◆ ACTIVITY
Retype, word for word, the line holding "Pantalones Inayaf corset" and each line after it down to the end of the data; pictures are not copied.

(Records drawn from a dataset)
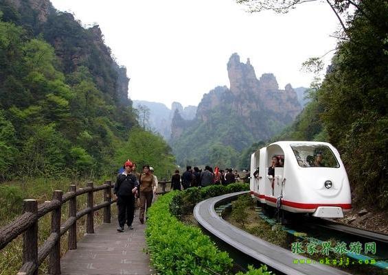 在十里畫廊盡頭。這里怪石嶙峋,林木蔥籠,常有三五成群成百上千只猴子在此會集,故稱猴子坡。游人至此,或樹叢之中,或山間古道,常見群猴在懸崖絕壁上攀援嬉戲,有的盲目在藤蔓上攀跳,有的獨坐巖石抓耳搔腮。惹得游人眉開眼笑,興味無窮。 從南天門向?qū)γ嫱ィ梢娙菹魇?,形如美女,婷婷玉立,故?ldquo;三女峰”。三女峰尤以第三峰奇妙,于石峰胸部有一直徑約1米乳眼, 由孔中可窺山后天光,既像高懸在石壁上的明鏡,又像少女佩帶著一枚晶瑩透明的玉飾。 過南天門繼續(xù)登山約200注,有一岔道口,叫月亮埡, 往右便是天子山石家檐景區(qū),向右斜上則通天臺。天臺海拔1020米,有東西兩個觀景臺。東臺為一懸空巨石,四周雜樹叢生,古松倒掛,是觀日出的理想之所。西臺俯視西海最妙,但見幽深莫測的峽谷中,千峰聳立,戴翠披綠,秀麗的景色盡覽眼底。 十里畫廊觀光小火車票價:單程30元/ 人,雙程40元/人。優(yōu)惠門票價格單、雙程由現(xiàn)行每人次14元和19元調(diào)整為18元和24元。 優(yōu)惠政策規(guī)定:根據(jù)有關(guān)文件規(guī)定,十里畫廊觀光電車門票價格對身高不足1.2米的兒童實行免費;對身高1.2米至1.5米的未成年人實行優(yōu)惠;對24歲以下學(xué)生憑學(xué)生證享受優(yōu)惠;符合《殘疾人實用評定標(biāo)準(zhǔn)》的殘疾人、60周歲以上老人、現(xiàn)役軍人、烈士直系家屬、持有民政部門頒發(fā)的《城鄉(xiāng)居民最低生活保障金領(lǐng)取證》的人員憑有效證件享受優(yōu)惠;此外可在特定日期對特定群體(如教師節(jié)對教師、建軍節(jié)對軍人等)實行減免優(yōu)惠。 湖南唯一一家全國百強國際旅行社、湖南五星級旅行社:華天國際旅行社 品牌卓著,信譽度高,是游客理想選擇接待單位。
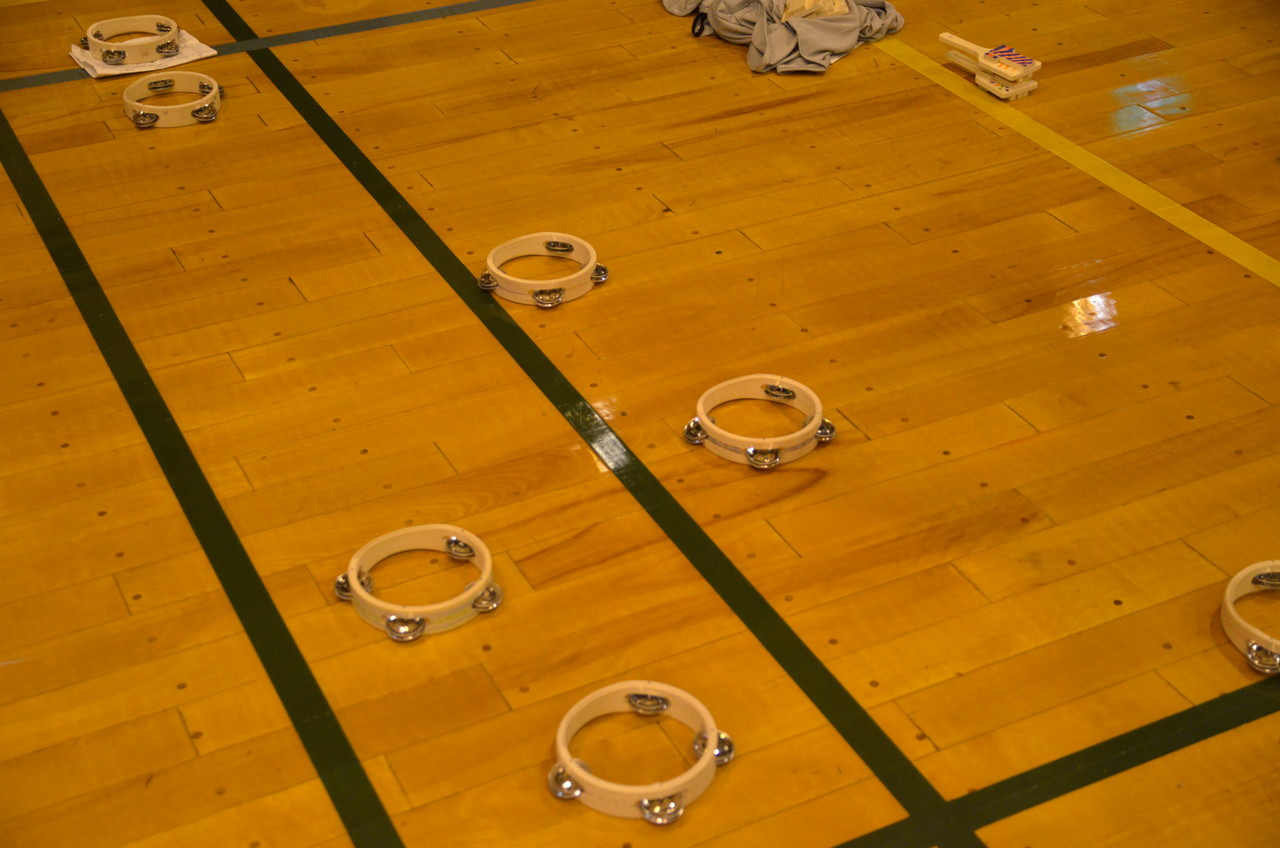 そして、音楽のセッションで使う楽器を作りました。マラカス、カホン、タンバリン、鳴子です。
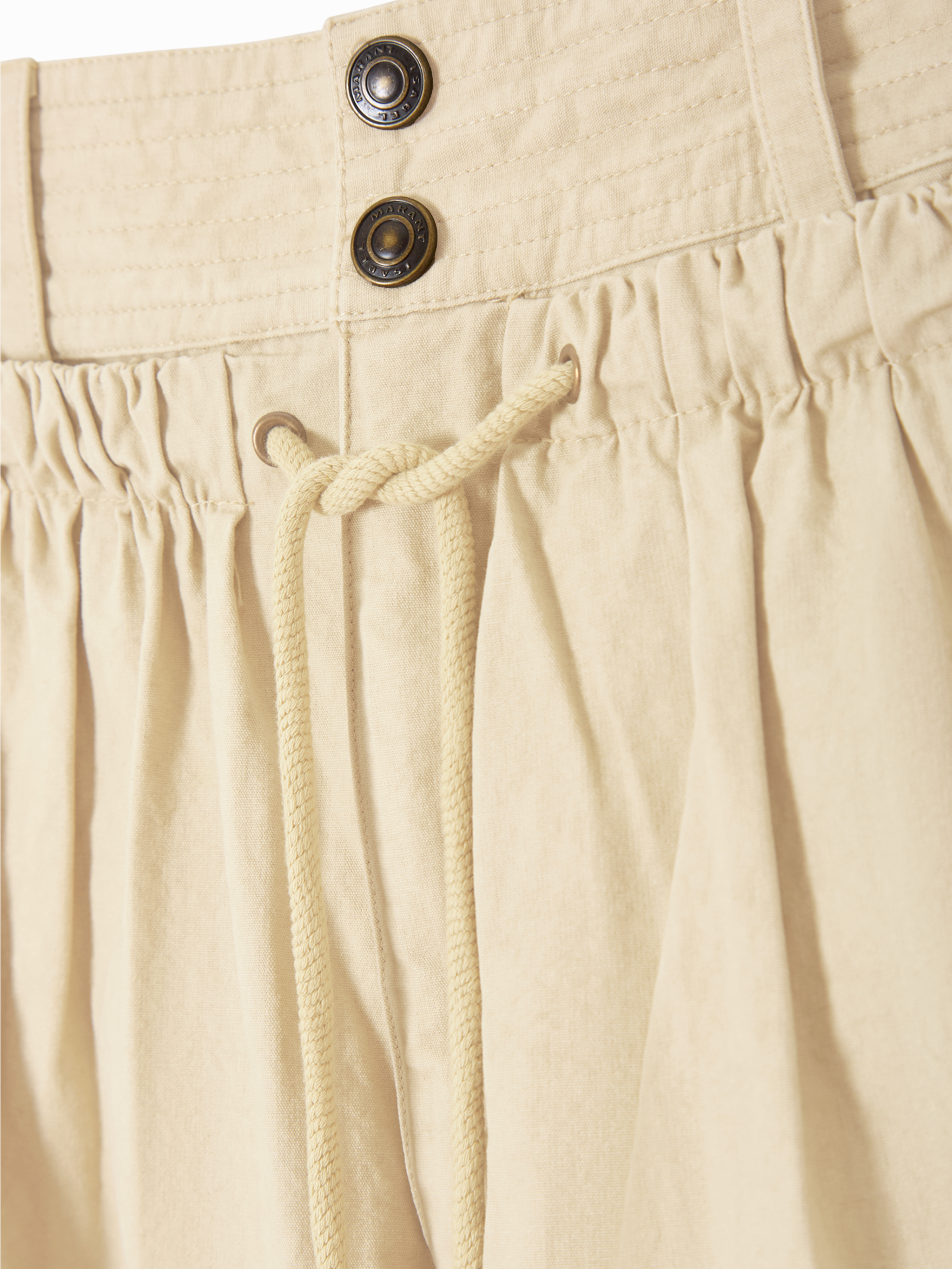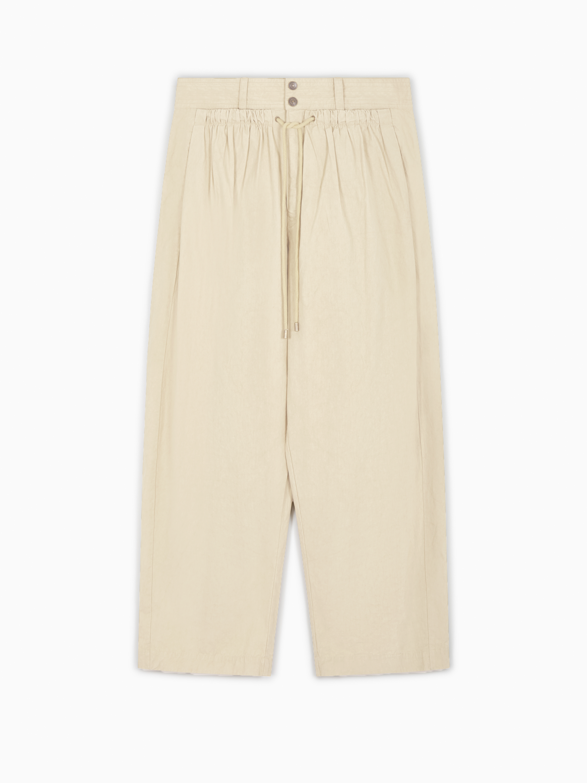 Pantalones Inayaf corset de Isabel Marant. Confeccionados en algodón color crudo, presentas una cinturilla cosida con trabillas, cierre grabado con cremallera y botones a presión, y un corte holgado. Presenta frunces y cordones en la parte delantera, ojales y acabados en cordón metálico y bolsillos franceses laterales.
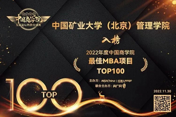 1.中国矿业大学(北京)管理学院 荣获2022年度中国商学院“最佳MBA项目TOP100”(第59位);
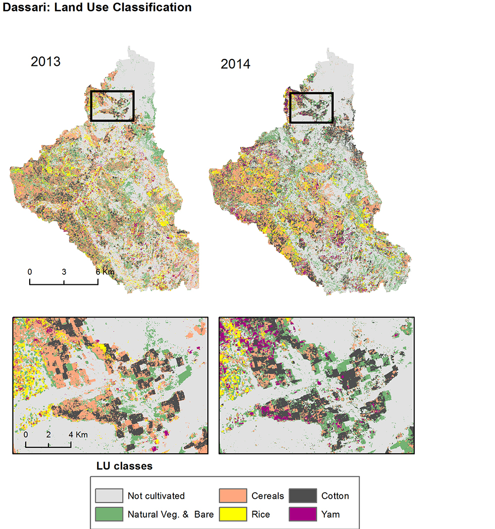 Wie werden die westafrikanischen Savannen überhaupt genutzt? Wo wird Ackerbau betrieben, wo wachsen welche Feldfrüchte? Vor dem Start des WASCAL-Projekts konnte das niemand flächendeckend und aktuell beantworten. Mittlerweile aber wurden aus Satellitendaten erstmals Landnutzungskarten erstellt und kontinuierlich verbessert. „Für drei kleinere Gebiete haben wir mehrere Jahre hintereinander sehr gute Karten erzeugt“, sagt Michael Thiel. Das nächste Ziel seien nun Karten, welche die Situation in ganz Westafrika abbilden.

◆ COMPLETED TASK
 Pantalones Inayaf corset de Isabel Marant. Confeccionados en algodón color crudo, presentas una cinturilla cosida con trabillas, cierre grabado con cremallera y botones a presión, y un corte holgado. Presenta frunces y cordones en la parte delantera, ojales y acabados en cordón metálico y bolsillos franceses laterales.
 1.中国矿业大学(北京)管理学院 荣获2022年度中国商学院“最佳MBA项目TOP100”(第59位);
 Wie werden die westafrikanischen Savannen überhaupt genutzt? Wo wird Ackerbau betrieben, wo wachsen welche Feldfrüchte? Vor dem Start des WASCAL-Projekts konnte das niemand flächendeckend und aktuell beantworten. Mittlerweile aber wurden aus Satellitendaten erstmals Landnutzungskarten erstellt und kontinuierlich verbessert. „Für drei kleinere Gebiete haben wir mehrere Jahre hintereinander sehr gute Karten erzeugt“, sagt Michael Thiel. Das nächste Ziel seien nun Karten, welche die Situation in ganz Westafrika abbilden.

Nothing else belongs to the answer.